# Exercise instructions
Starting at the line below with "Naisten Midimekko A" and stopping at the line with "Судьба Kuna намертво", please print each line exactly, those two included, and skip every picture.

# Record excerpts
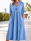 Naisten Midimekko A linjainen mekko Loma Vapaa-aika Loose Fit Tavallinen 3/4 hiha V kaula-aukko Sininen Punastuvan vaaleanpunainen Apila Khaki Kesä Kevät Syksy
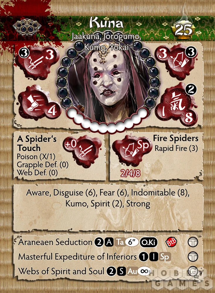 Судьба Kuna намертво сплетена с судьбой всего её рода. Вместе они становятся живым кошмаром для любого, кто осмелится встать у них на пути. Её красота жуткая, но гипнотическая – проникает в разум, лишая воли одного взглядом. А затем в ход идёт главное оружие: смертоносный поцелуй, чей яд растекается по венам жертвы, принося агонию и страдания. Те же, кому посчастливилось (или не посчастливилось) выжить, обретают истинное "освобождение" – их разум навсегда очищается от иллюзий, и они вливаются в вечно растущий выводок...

---

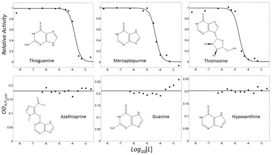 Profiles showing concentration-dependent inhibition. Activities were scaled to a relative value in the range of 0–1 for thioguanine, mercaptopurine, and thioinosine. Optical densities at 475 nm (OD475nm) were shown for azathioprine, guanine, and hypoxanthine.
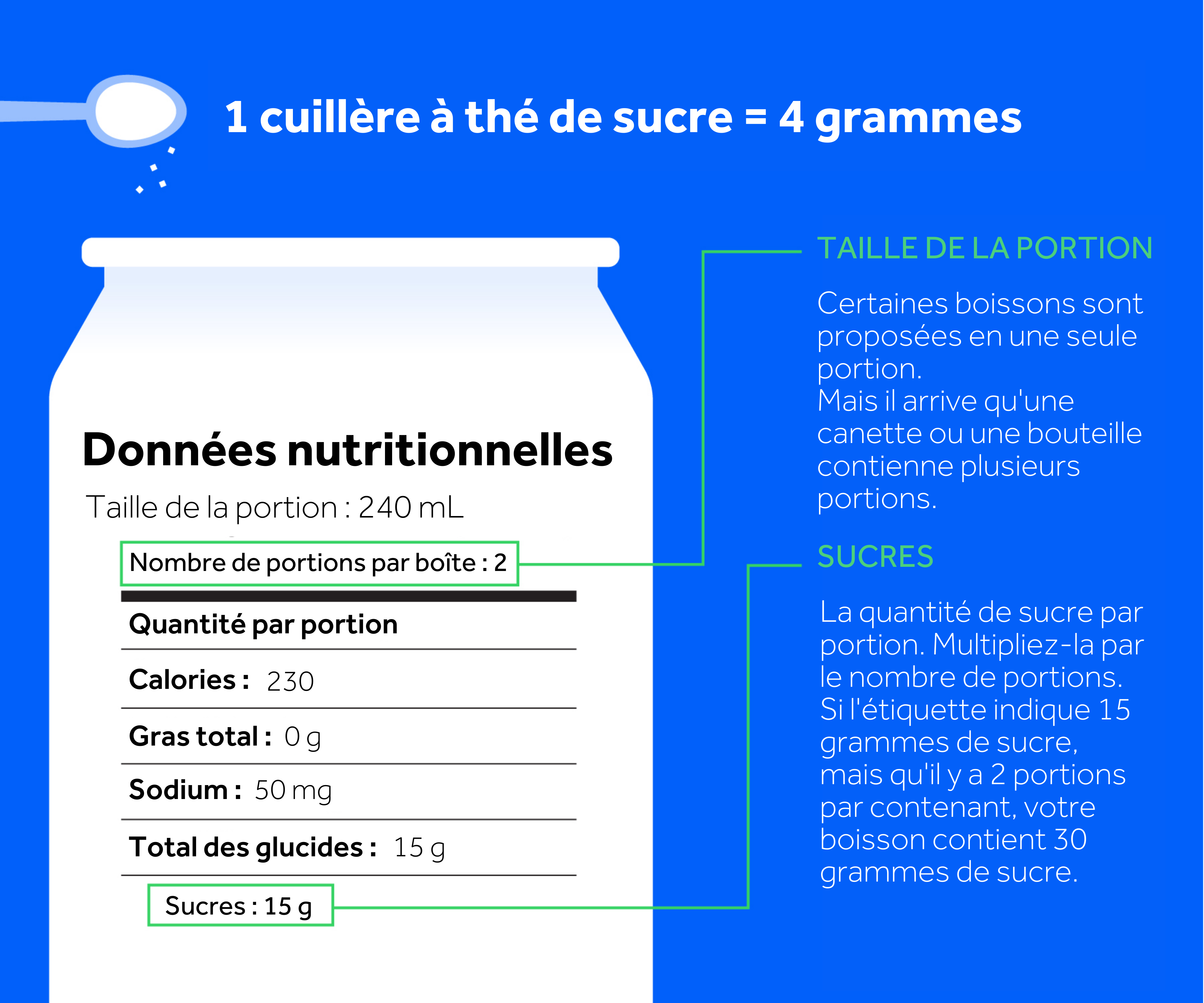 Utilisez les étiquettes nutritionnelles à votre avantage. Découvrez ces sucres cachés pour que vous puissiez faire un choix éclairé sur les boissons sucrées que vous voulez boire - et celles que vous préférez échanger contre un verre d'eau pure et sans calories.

# Response to this task
 Naisten Midimekko A linjainen mekko Loma Vapaa-aika Loose Fit Tavallinen 3/4 hiha V kaula-aukko Sininen Punastuvan vaaleanpunainen Apila Khaki Kesä Kevät Syksy
 Судьба Kuna намертво сплетена с судьбой всего её рода. Вместе они становятся живым кошмаром для любого, кто осмелится встать у них на пути. Её красота жуткая, но гипнотическая – проникает в разум, лишая воли одного взглядом. А затем в ход идёт главное оружие: смертоносный поцелуй, чей яд растекается по венам жертвы, принося агонию и страдания. Те же, кому посчастливилось (или не посчастливилось) выжить, обретают истинное "освобождение" – их разум навсегда очищается от иллюзий, и они вливаются в вечно растущий выводок...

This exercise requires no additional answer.